Phase 4 — Fast Recovery
After fast retransmit, instead of going back to slow start (cwnd=1), we set:
ssthresh = cwnd / 2
cwnd = ssthresh…and resume in congestion avoidance. We lost a packet, not the whole network. No need to start from zero.
The Sawtooth
cwnd
│ ╱│ ╱│ ╱│
│ ╱ │ ╱ │ ╱ │
│ ╱ │ ╱ │ ╱ │
│ ╱ │ ╱ │ ╱ │
│ ╱ ▼ ╱ ▼ ╱ ▼
│ ╱ (slow start)
│ ╱
│╱
└─────────────────────────────────▶ time
slow │ congestion avoidance (AIMD)
start│ loss → halve → grow linearly
The slow-start phase is the steep ramp at the start. After the first loss, we drop to half and keep doing the linear-up + halve-on-loss dance forever.
cwnd vs rwnd
- cwnd is internal to the sender. The receiver doesn’t know it.
- rwnd is advertised by the receiver in every ACK.
- The sender takes the minimum.
A high-bandwidth, low-loss network often has cwnd as the bottleneck early, and rwnd later (once cwnd > BDP).
Algorithm Variants
- Reno / NewReno — the classic AIMD algorithm. RFC 5681.
- CUBIC — Linux default since ~2006. Cwnd grows as a cubic function of time since the last loss — fast recovery to the prior peak, then careful exploration above it. Better for high-bandwidth long-RTT links.

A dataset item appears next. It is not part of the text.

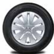
15" 스틸 휠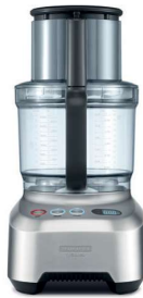
Multiprocessador Slice Pro 69020/011 - 127V 69020/012 - 220V 25

- BBR (Bottleneck Bandwidth and RTT) — Google, ~2016. Doesn’t use loss as a signal at all. Models the path’s bandwidth and RTT and paces sending. Often beats CUBIC on lossy or buffered networks.
- Vegas — uses RTT increase (queue buildup) as a signal before loss happens. Niche.
# Linux — see and change the algo
sysctl net.ipv4.tcp_congestion_control
# net.ipv4.tcp_congestion_control = cubic
sudo sysctl -w net.ipv4.tcp_congestion_control=bbrECN — Don’t Wait For Loss
Explicit Congestion Notification: routers can mark packets as “I’m congested” instead of dropping them. Sender reacts the same as if there was a loss but no actual data was lost. Requires ECN-aware routers and endpoints.
Common Gotcha
People conflate “TCP is reliable” with “TCP is fast.” In high-loss networks, TCP can crawl because every loss halves cwnd. UDP-based protocols like QUIC + BBR are often faster in those conditions, even though they have to redo reliability themselves.
Interview Tip
The big four to remember: slow start, congestion avoidance, fast retransmit, fast recovery. Plus AIMD = additive increase, multiplicative decrease. If you can sketch the sawtooth on a whiteboard, you’ve answered 90% of TCP-congestion interview questions.